For the houses, the closed windows were like wounds,
and they were already thinking about the new owners
because things often suffer more than people. [2]
For most tourists the walk through the old city of Rhodes, the Jewish quarter – the juderìa, as it used to be called in Judeo-Spanish – must appear as a quiet neighbourhood of small alleys and courtyards, often in need of restoration, that extends from the city walls to Virgin Mary Gate on one side and to the Square of the Jewish Martyrs on the other. At one of its edges is what was once called la cay ancha (Judeo-Spanish: “the large street”), nowadays surrounded by cafés and shops that sell postcards, leather sandals and other souvenirs typical of any Greek island.

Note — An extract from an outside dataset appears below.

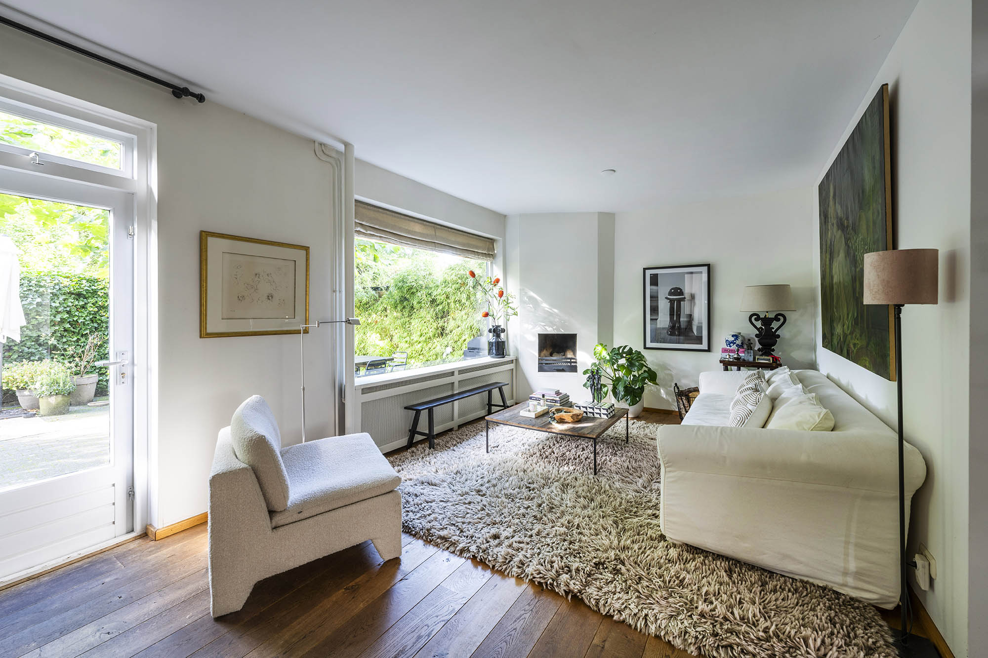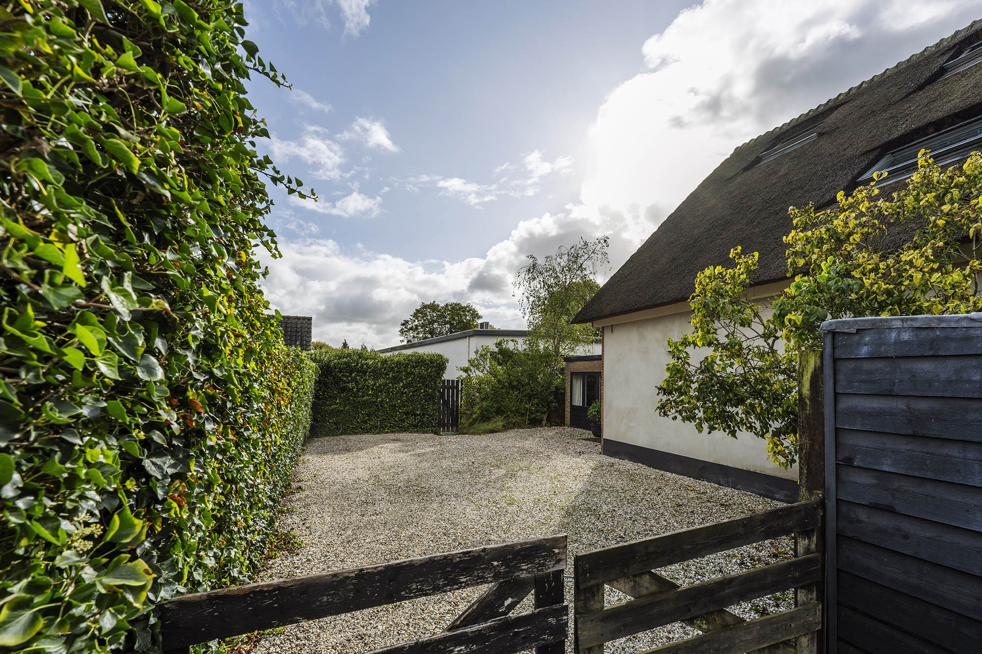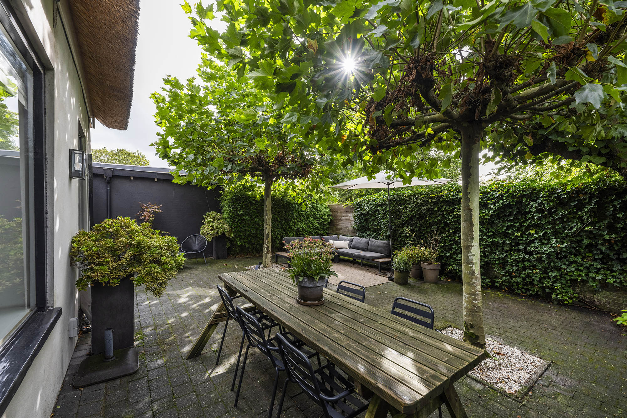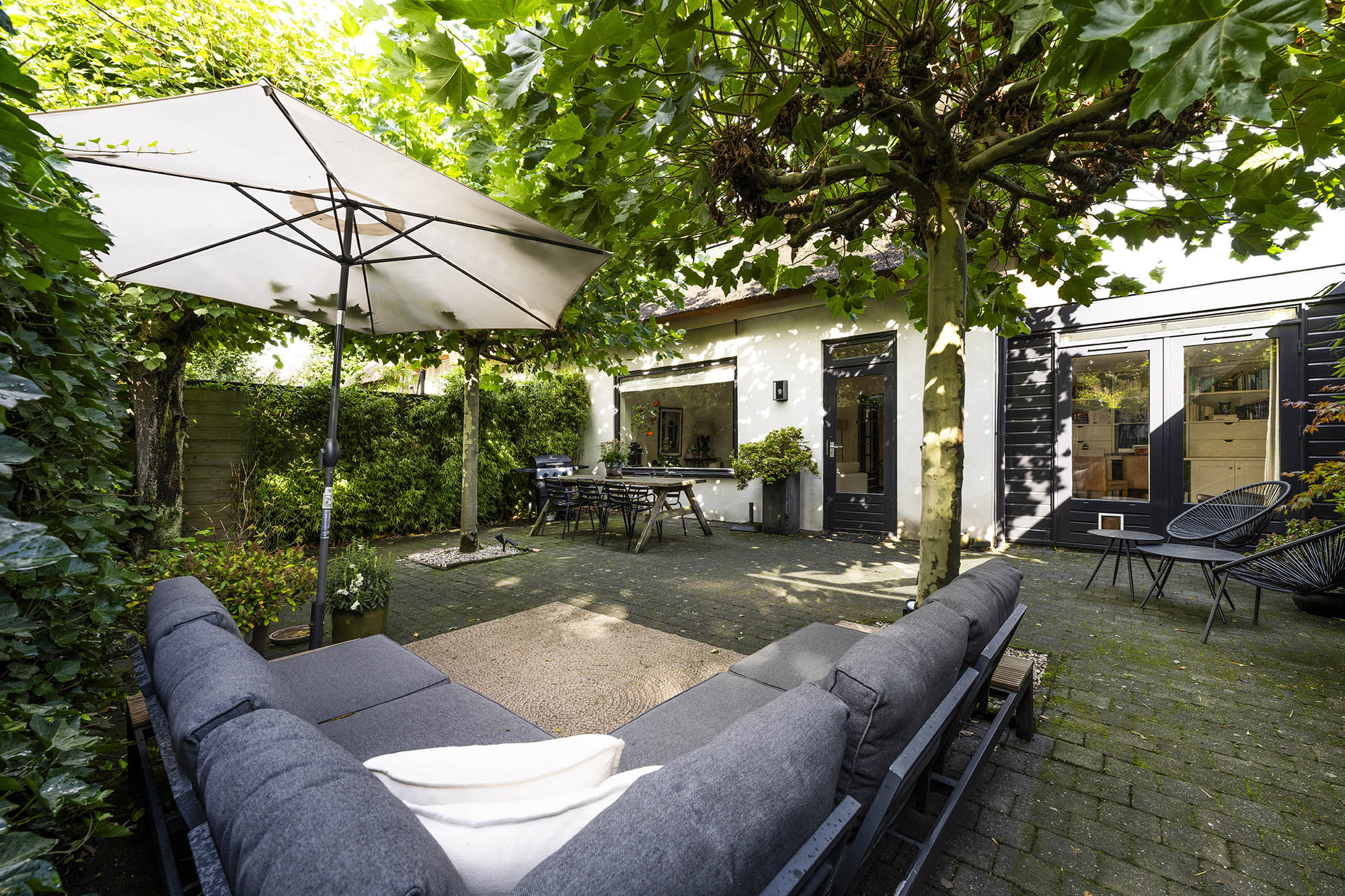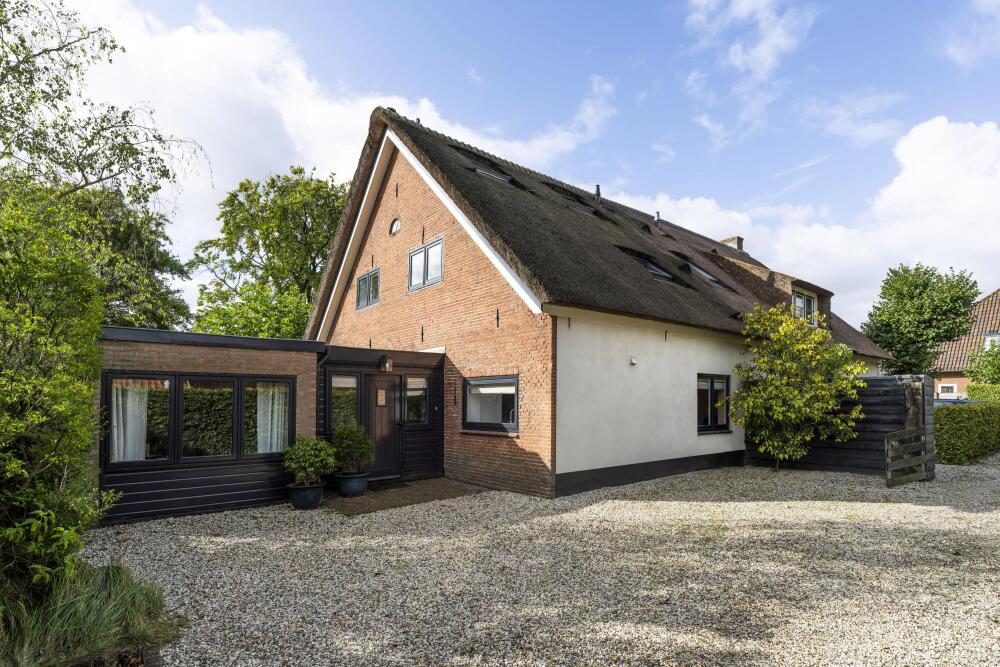 Das Familienhaus in Laren liegt ruhig hinter der Fassade eines reetgedeckten Bauernhauses, das nur über einen diskreten Kiesweg erreichbar ist. Diese abgeschiedene Lage bietet eine ausgewogene Kombination aus Privatsphäre und Komfort mit großzügigen Parkmöglichkeiten auf dem Grundstück sowie Zugang zum Ortszentrum. Schon beim Betreten des Hauses verspürt man ein Raumgefühl, das an diesem Standort selten zu finden ist. Das Wohnzimmer erstreckt sich über die gesamte Breite des Hauses und empfängt dank französischer Türen viel Licht, was einen fließenden Übergang in den sonnigen Garten mit Schatten spendenden Platanen schafft. Ein Kamin bildet den Mittelpunkt des Raumes, während eine separate Arbeitsecke Funktionalität und Wohnkomfort ergänzt. Die moderne, hochwertig ausgestattete Wohnküche sowie das separate Fernsehzimmer tragen zu einem entspannten Alltag bei. Im Obergeschoss sind drei Schlafzimmer durchdacht angeordnet, darunter ein Raum, der für die Wäsche genutzt wird. Das elegante Badezimmer ist mit Badewanne, Waschtisch und WC ausgestattet. Eine feste Treppe führt ins oberste Geschoss, wo sich die Master Suite mit maßgefertigtem Schrank und eigenem Bad als privater Rückzugsort präsentiert. Flexibilität ist das Herzstück dieser Immobilie: Der großzügige Grundriss erlaubt Schlafmöglichkeiten im Erdgeschoss und macht das Haus generationenübergreifend nutzbar. Das Haus umfasst 157 m² Wohnfläche auf einem 310 m² großen Grundstück sowie natürliche Belüftung, gedämmte Dächer und Böden, teilweise doppelt verglaste Fenster und Komfort der Energieklasse C. Alle Annehmlichkeiten des Ortes sind schnell erreichbar, während Wald und offene Landschaft nur eine kurze Radtour entfernt liegen. Für alle, die ein vielseitiges und einladendes Zuhause im Herzen von Laren suchen, bietet dieses Familienhaus diskreten Charme und ruhigen Luxus.

In the middle of the square, at the end of la cay ancha, stands a small hexagonal monument erected in 2002 “in eternal memory of the 1604 Jewish martyrs of Rhodes and Kos exterminated in the Nazi concentration camps”. The Qal Shalom synagogue and the Jewish Museum are a few minutes walk from the monument. The synagogue, the only one in Rhodes that can be visited and that is still sporadically used for religious services, was restored in 2004 under the impulse of Jewish heritage activists and donors from Athens and abroad. The adjacent museum was inaugurated in 1997 and hosts a small collection of objects, photographs and provides visitors with significant information on the history of the Jews of the island.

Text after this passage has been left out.